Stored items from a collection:

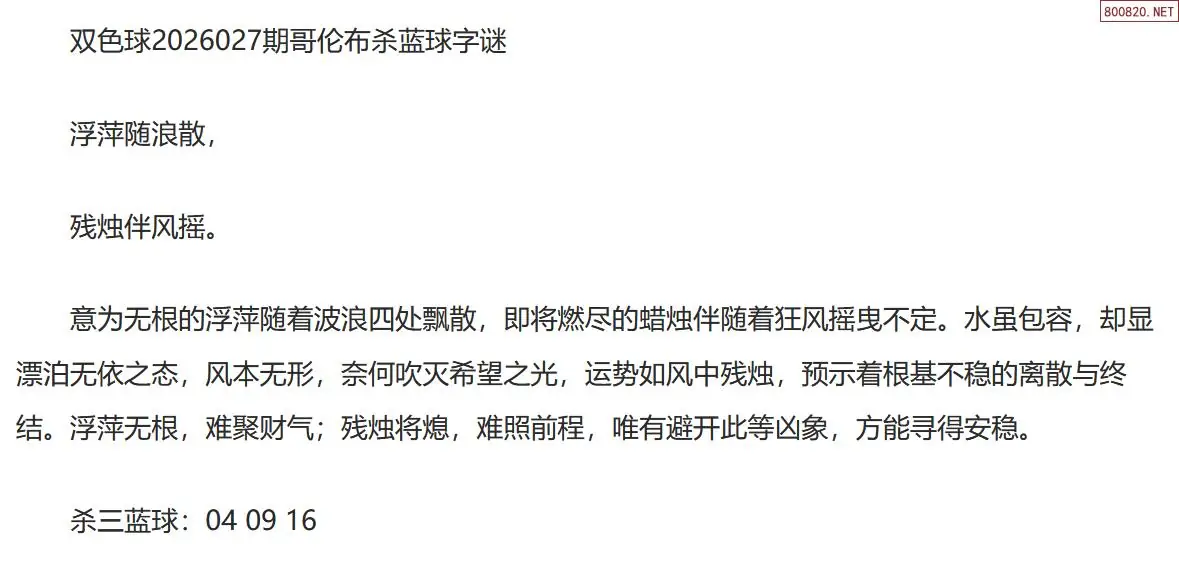 双色球26027期白玫瑰定蓝球字谜
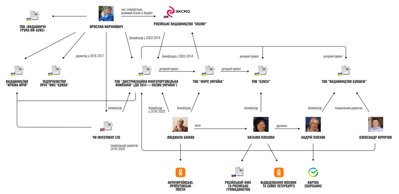 Из совместного исследования «Сенсора» и сообщества «Мольфар» можно предположить, что российское «Эксмо» продолжает присутствовать на украинском книгоиздательском рынке через ряд аффилированных компаний. Похоже, бывшие владельцы украинского филиала «Эксмо» до сих пор опосредованно контролируют сеть проектов, в которых мы последовали связи с Россией и российским «Эксмо» в частности. Оказалось, что у Натальи Плеховой, владелицы одного из этих проектов — book24.ua — даже есть российский паспорт и ФЛП.
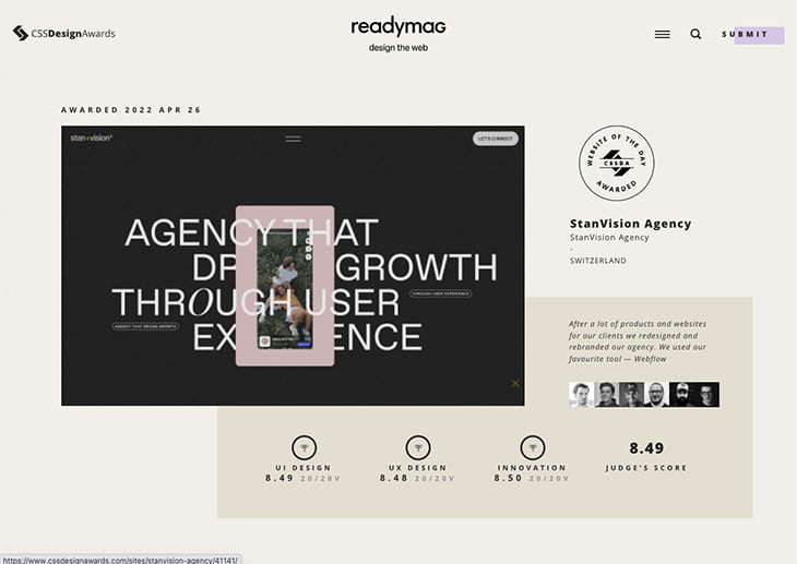 国際的なWebデザイン・開発アワードです。UIデザイン・UXデザイン・イノベーションの3つの基準をもとに世界中の審査委員がWebサイトを評価しています。こちらも世界のトレンドをいち早く知りたい方にはとても参考になるサイトです。
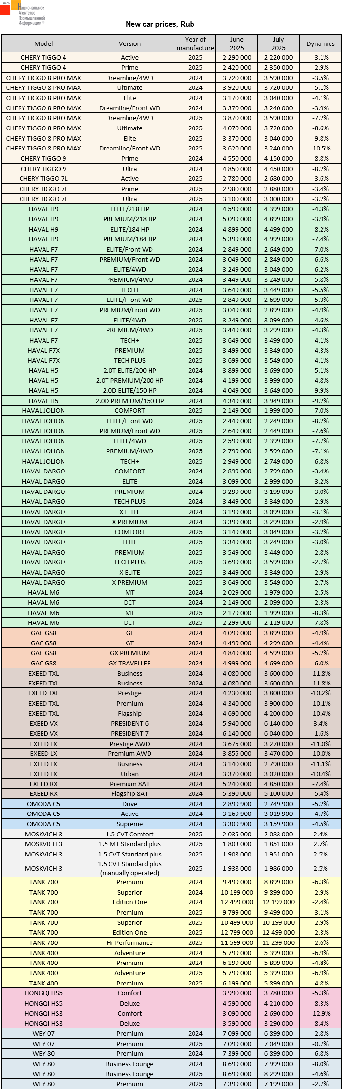 The marketing agency NAPI analyzed recommended retail prices (RRP) for new cars in July 2025. Compared to June of the current year, prices for 101 versions changed. The price reduction that varied from 0.7% to 12.9% affected 96 CHERY, HAVAL, GAC, EXEED, OMODA, TANK, HONGQI, and WEY versions. Prices for 5 EXEED and MOSKVICH versions increased from 2.4% to 3.4%. In July, HONGQI HS3 Comfort model depreciated the most (from 3,090,000 to 2,690,000 rubles). EXEED VX PRESIDENT 6 model appreciated the most (from 5,940,000 million to 6,140,000 rubles).
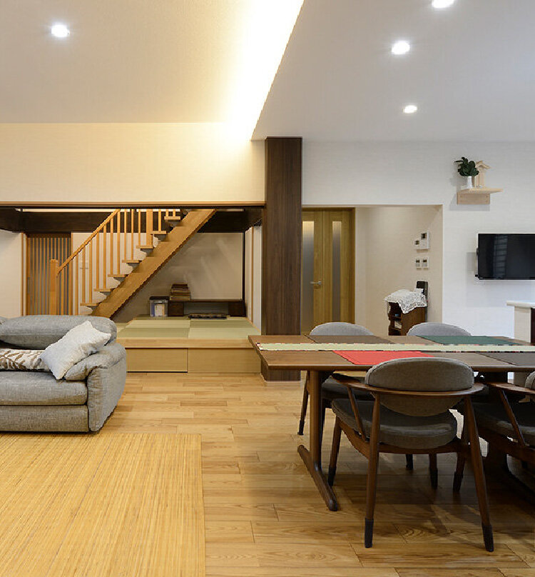 広々としたLDKから玄関のしつらえ、北側の坪庭、書斎など、ご主人のこだわりを随所に反映し、和モダンの雰囲気が素敵なお住まいに仕上がりました。
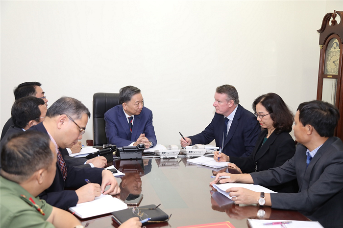 Bộ trưởng Tô Lâm cũng mong muốn Bộ Nội vụ Anh có biện pháp ổn định an ninh, an toàn của công dân Việt Nam đang học tập và sinh sống tại Anh. Đồng thời mong muốn thời gian tới, Bộ Công an Việt Nam và Bộ Nội vụ Anh sẽ thúc đẩy có hiệu quả hơn nữa hợp tác trong đấu tranh phòng chống tội phạm xuyên quốc gia, trong đó có tội phạm buôn bán người, góp phần bảo đảm an ninh trật tự của hai quốc gia.
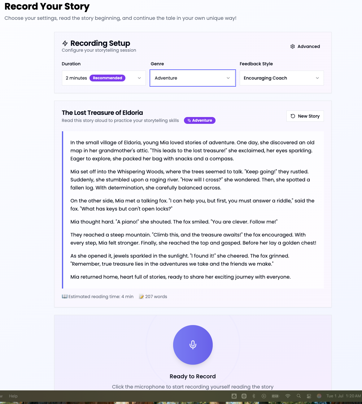 The app captures natural speech patterns and provides constructive, actionable feedback to help users improve their narrative skills consistently.
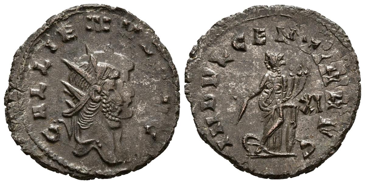 GALIENO. Antoniniano. 264-265. Roma. A/ Busto radiado a derecha. GALLIENVS AVG. R/ Indulgencia estante a izquierda portando cornucopia y vara, esta reposando sobre columna, en el campo XI. INDVLGENTIA AVG. RIC V 206var; RSC 331. Ae. 3,59g. Doble acuñación. EBC-.
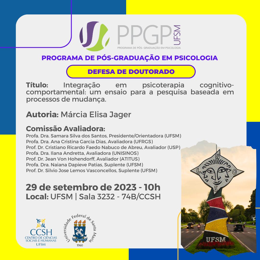 Defesa de doutorado – Janine Gudolle de SouzaO Programa de Pós-Graduação em Psicologia divulga a banca de defesa de doutorado da aluna Janine Gudolle de Souza, com o título [...]
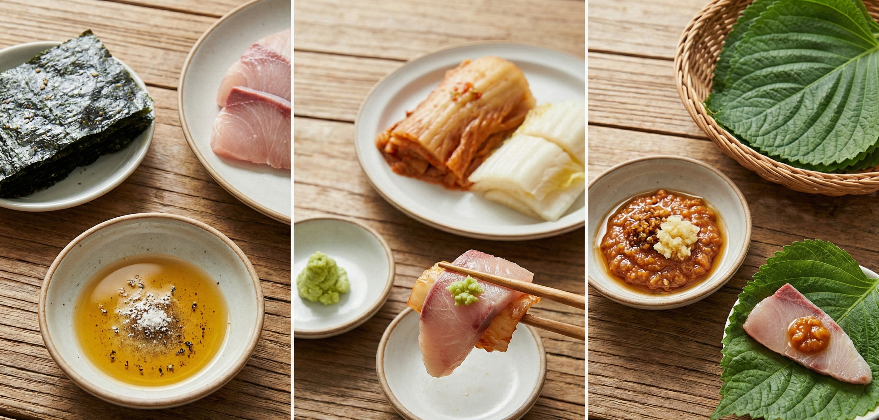 클래식의 정석: 기름장 + 김 고소한 방어에 고소한 참기름을 더해 풍미를 극대화하고, 조미김의 짭조름함으로 밸런스를 맞춥니다. 가장 호불호 없는 조합입니다.
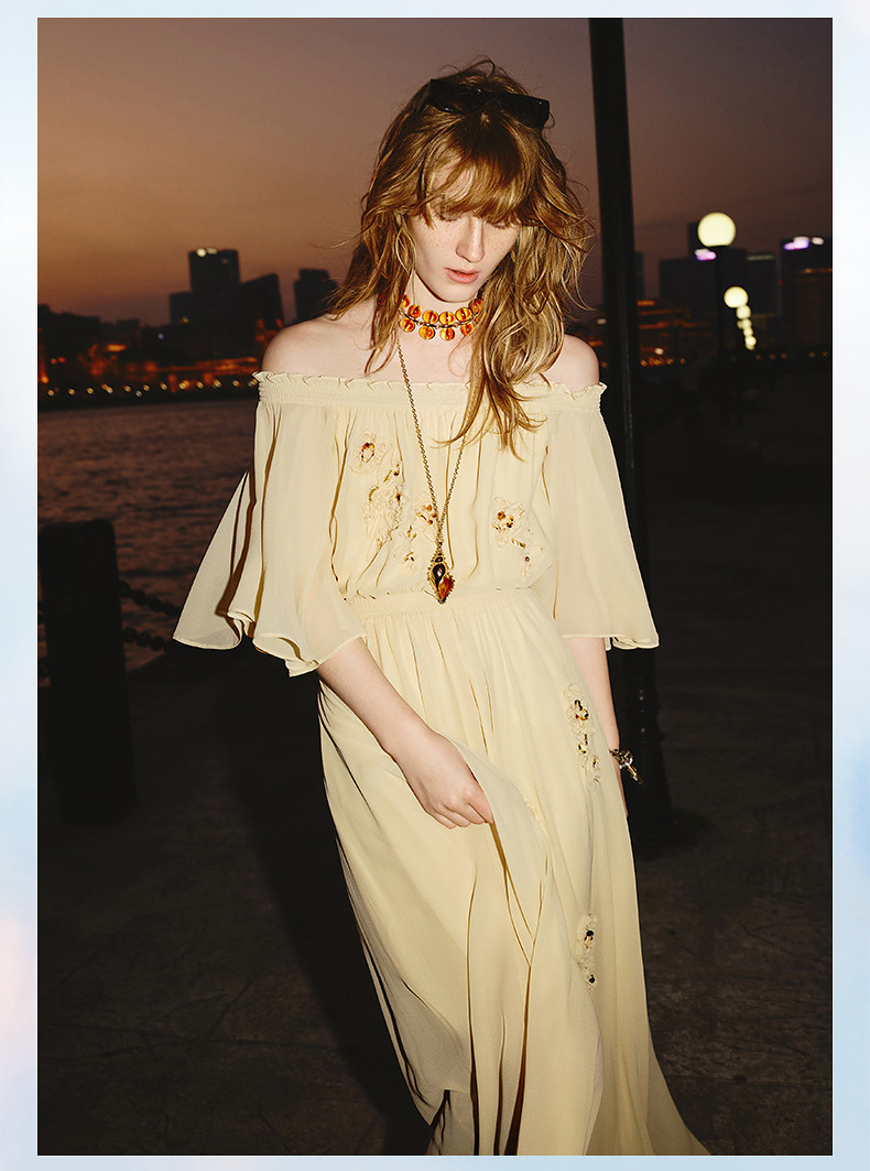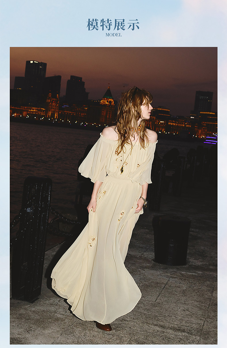 【主题纪念款】MAXRIENY半夏玫瑰长裙一字肩收腰连衣裙高级气质感(货号:MC86DR083)
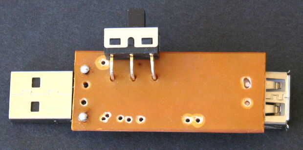 El objetivo original era que un interruptor que directamente había enchufado en el ordenador puerto USB en un extremo y tenía un enchufe del USB mini-B para entrar directamente en el dispositivo. El enchufe del USB mini-B es muy común en los cables, pero no pudimos encontrar un tablero montado equivalente.
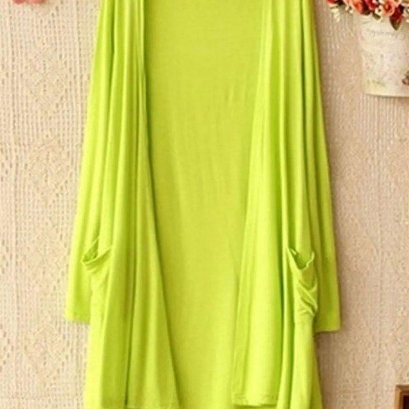 2023 Summer Women Midi Long Cardigan Jacket Casual Pocket Ir
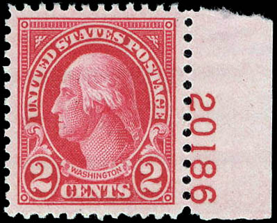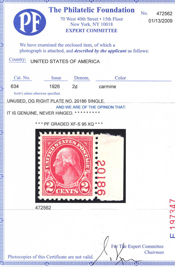 1926, 2¢ Washington, type I, rotary press printing (Scott 634), plate number single, o.g., never hinged, Extremely Fine to Superb, with 2009 P.F. and 2026 P.S.A.G. certificates, both graded XF-SUP 95. SMQ $80. Estimate $60 - 80. (Image) (Image2)
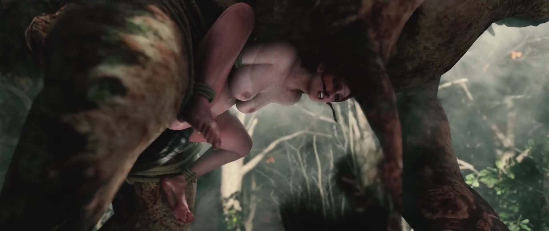The sorceress Triss Merigold and the dwarven warrior Chort engage in a steamy threesome with a mysterious entity that is neither human nor elf
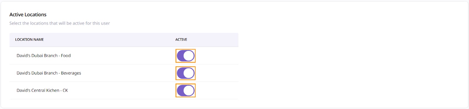 To activate or deactivate a location, check or uncheck the corresponding switches for each location.
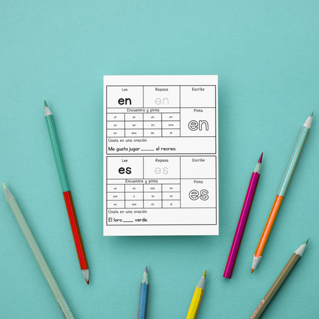 - En clase: presenta 2–4 palabras por semana con los afiches; practica con el cuadernillo (Lee–Repasa–Escribe; Encuentra y pinta; Usa la palabra en una oración).
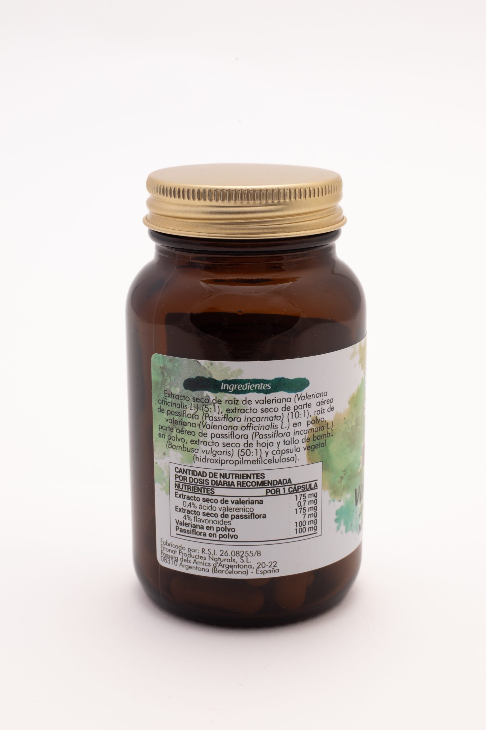 Valeriana e.s. (4:1, 0,4% ácido valerenico) 175 mg, Passiflora e.s. (10:1, 4% flavonoides) 175 mg, Valeriana polvo 100 mg, Passiflora polvo 100 mg, cápsula vegetal (hipromelosa) y antiaglomerante (almidón de arroz).
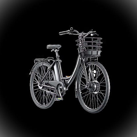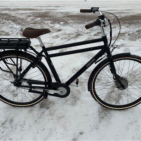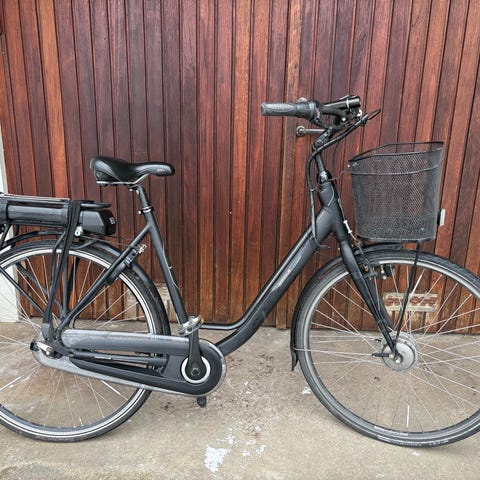 Svart elcykel utrustad med framkorg och bakre pakethållare med låda. Cykeln har ett digitalt display för hastighet och batteristatus. Passar för vardaglig pendling och transporter. Använd ca 1 år

WHAT IS REQUIRED:
Extract, word for word, every line from the one containing "- En clase: presenta" to the end of the data above, both ends included, and leave out the pictures.

ANSWER TO THE PROBLEM:
 - En clase: presenta 2–4 palabras por semana con los afiches; practica con el cuadernillo (Lee–Repasa–Escribe; Encuentra y pinta; Usa la palabra en una oración).
 Valeriana e.s. (4:1, 0,4% ácido valerenico) 175 mg, Passiflora e.s. (10:1, 4% flavonoides) 175 mg, Valeriana polvo 100 mg, Passiflora polvo 100 mg, cápsula vegetal (hipromelosa) y antiaglomerante (almidón de arroz).
 Svart elcykel utrustad med framkorg och bakre pakethållare med låda. Cykeln har ett digitalt display för hastighet och batteristatus. Passar för vardaglig pendling och transporter. Använd ca 1 år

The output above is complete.